Using Ca-Alg as a model stimuli-responsive material, here we demonstrated the concept of dynamic microchannel-formation as well as the potential of controlling cell delivery in a temporal manner to facilitate tissue formation. This platform may be further extended by exploiting other materials as porogens that can be degraded using cell-friendly stimuli, such as hydrolysis, MMP-sensitive peptides 47 or photo-degradation. 48 While we used HEK cells as a model cell type to demonstrate the proof-of-principal in this study, the reported method of dynamic microchannel formation may also be applied for other cell types, such as smooth muscle cells and endothelial cells to engineer tubular tissues structures that are of clinical significance.
Conclusion
In summary, here we report a facile method to create microchannel-like structures within hydrogel scaffolds using alginate microfibers that can dissolve upon exposure to EDTA. Using optimized EDTA concentration and duration, this method also allows cell delivery in bulk hydrogels within the formed microchannel structures. Upon exposure to EDTA, a well-defined, interconnected microchannel network was created and cells were free to migrate and form colonies along the channels' internal surfaces, leading to laminar distribution of cells in 3D. The platform reported herein offers spatiotemporal control over cell seeding and distribution.
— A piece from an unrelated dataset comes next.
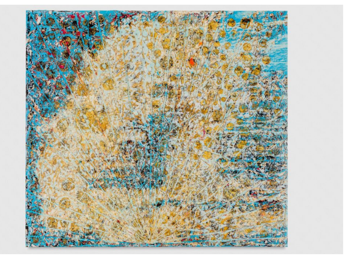
Mark Bradford Water in the Ear Puts Guards at the Gate (2017).

Future iterations of this technique may lead to low-cost, sizable fabrication of engineered tissue grafts with enhanced cell viability and tissue formation efficiency, such as prevascularized tissue engineering building blocks.
Footnotes
Acknowledgments
The authors would like to thank the McCormick Faculty Award and Stanford Bio-X Interdisciplinary Initiative grant for funding. J.H. would like to acknowledge The Amgen Foundation for funding.
Disclosure Statement
This work has been disclosed to the Office of Technology Licensing at Stanford University.